Мейбл между тем пыталась вспомнить, каков из себя этот французский родственник. Потом победно вскрикнула.
— У меня есть фотография Жюстена! Еще тех времен, когда он не знал, что по крови тоже Ларош, — смеясь, заявила она. — Он тогда служил в замке конюхом, да? Когда поедим, я принесу фотоальбом. Уверена, Анри будет интересно!
— Я так не думаю, ма, — возразила Элизабет. — Жюстен с тех пор переменился. Теперь он управляет винодельней и похвастался, что поставляет о-де-ви к российскому императорскому двору!
— А вот это уже интересно, — заметил Эдвард. — Мейбл, дочка права. Бог с ним, с прошлым. Подумаем лучше о будущем! А сейчас самое время попробовать этот восхитительный торт!
Свой кусочек Элизабет постаралась есть как можно дольше, опасаясь момента, когда Анри преподнесет ей кольцо — очень символичный жест, особенно в присутствии гостей. Сердце у нее в груди замирало, стоило только подумать о поцелуе, которым они с Жюстеном обменялись.
«Как согласиться на помолвку, когда любишь другого? — спрашивала она себя. -
Но ведь не выходят замуж за брата собственной матери! И целовать его так я не должна была».
Анри перешел к главному — в надежде обратить на себя ее внимание. Он ощущал волнение, испытываемое молодой женщиной, и приписывал его неожиданному появлению этого Жюстена, о котором сегодня услышал впервые.

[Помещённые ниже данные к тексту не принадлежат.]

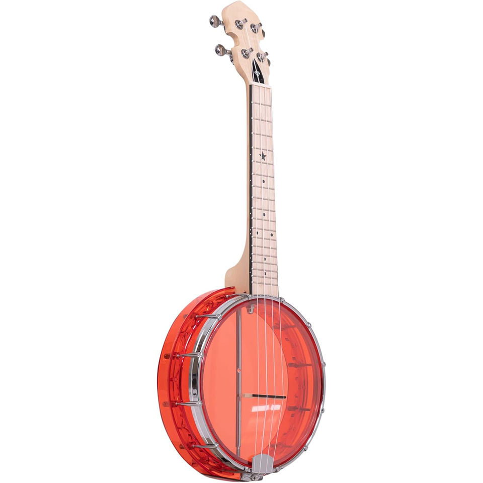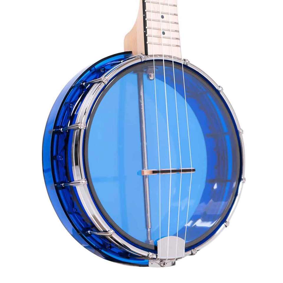 HUASHENG Ukelele de banjo pequeño de 4 cuerdas con kit para principiantes, borde acrílico de 8 ", afinadores sellados estilo guitarra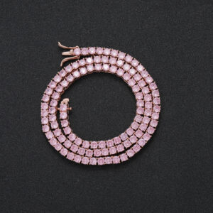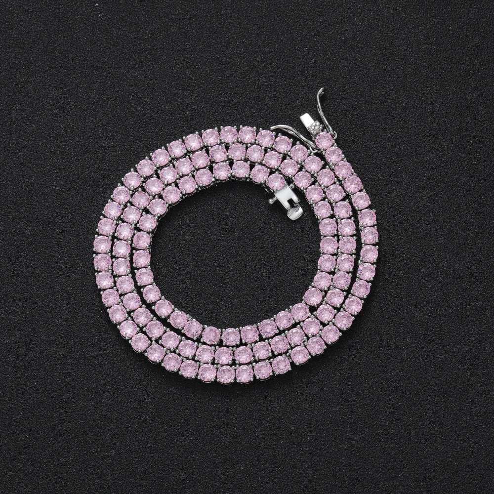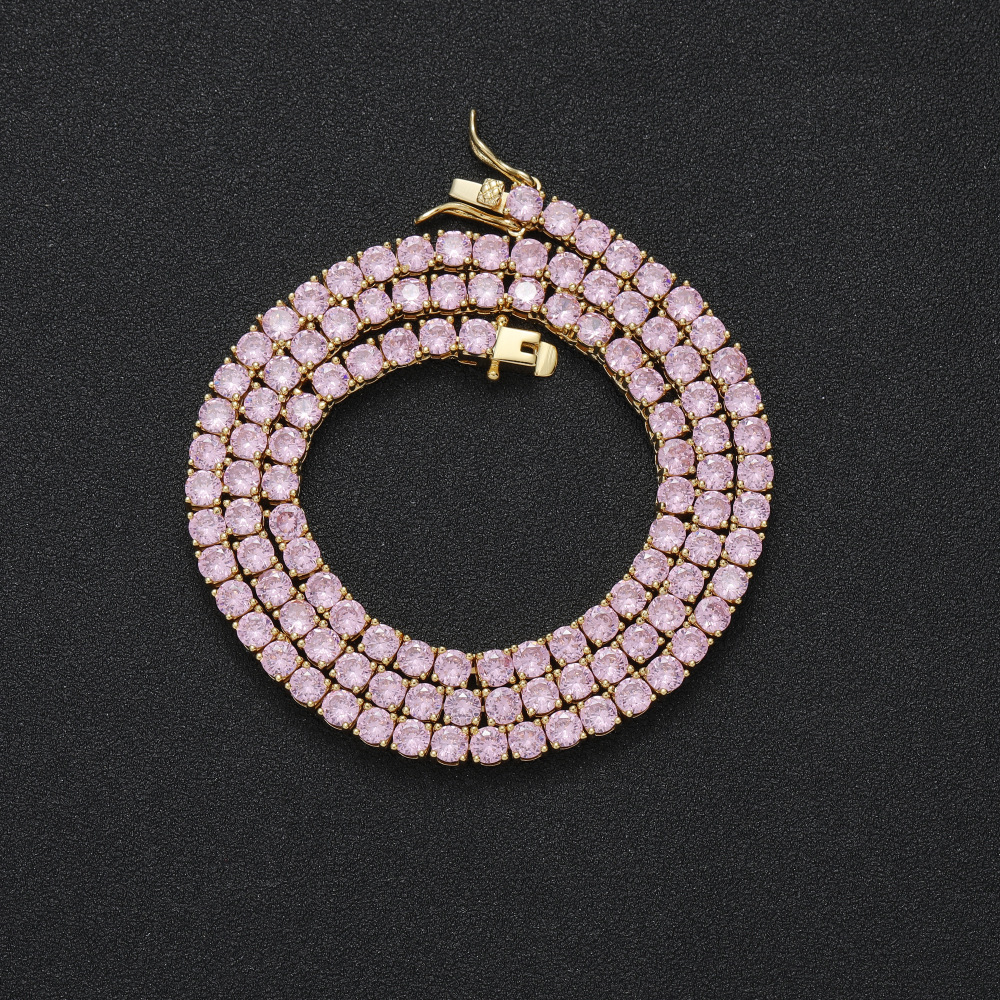 + Free ShippingHip Hop Copper Inlay Zircon Tennis Chain 4mm Pink Single Row Chain Necklace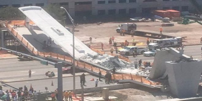 أعلن بيل نيلسون عضو مجلس الشيوخ الأمريكي عن ولاية فلوريدا مقتل ما بين ستة وعشرة أشخاص جراء انهيار جسر شيد حديثا للمشاة على عدة حارات مرورية عند جامعة فلوريدا الدولية.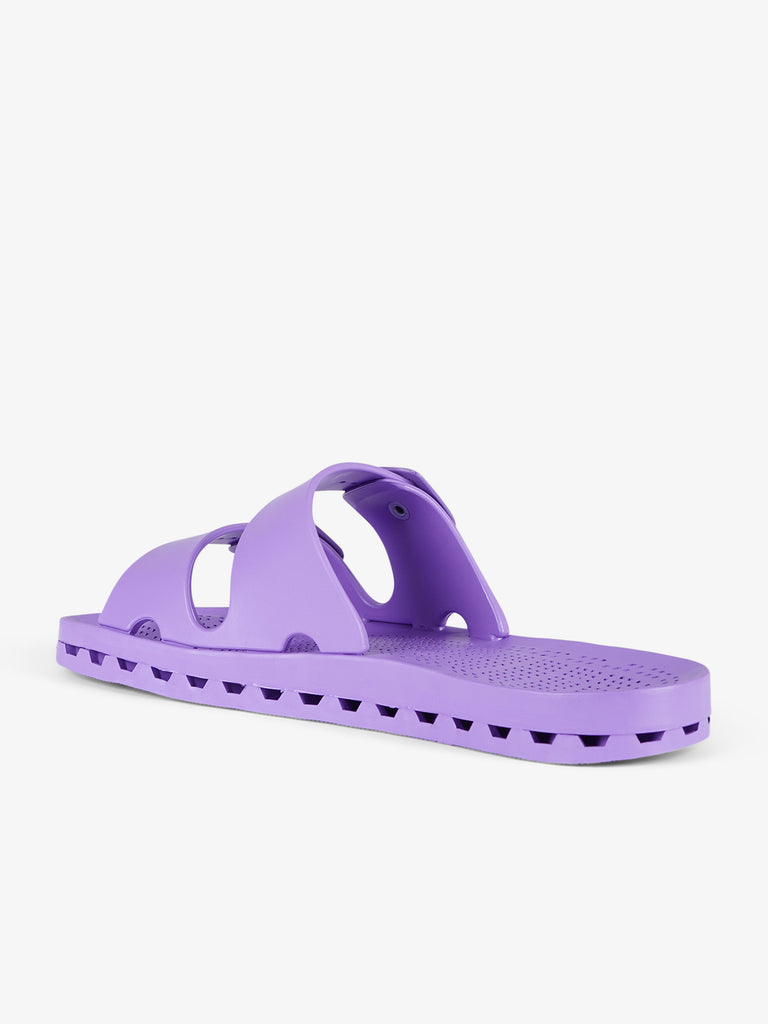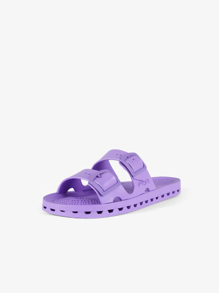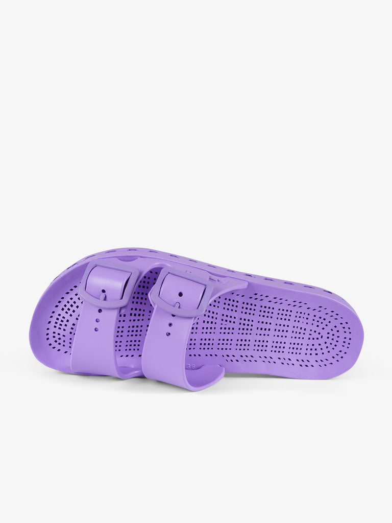 Detalles: Las Jolla City tienen una característica dominante; la suela especial de PVC obtenida acoplando mecánicamente una plantilla perforada, a un fondo con canales de escurrimiento. Los orificios de la plantilla que comunican con los canales de la parte inferior permiten que el agua se escurra, y a través de unas hendiduras a lo largo del perímetro de la sandalia es expulsada hacia el exterior. Las sandalias cumplen todos los requisitos para ser recicladas una vez que llegan al final de su uso, con un reciclado completo de hasta el 100%.

— Лисбет, дорогая! — начал он громко. — Сегодня — один из лучших дней в моей жизни. Лучший с тех пор, как я в Америке. Очень прошу, кто-нибудь, переведите для мистера и миссис Вулворт!
Бонни тотчас же это сделала. Постаралась передать тон, с нажимом на жизнерадостность.
— Ты согласилась связать свою жизнь с моей, — продолжал Анри, — в ближайшем, я надеюсь, будущем. И, чтобы скрепить наши клятвы и в честь помолвки, хочу подарить тебе это кольцо!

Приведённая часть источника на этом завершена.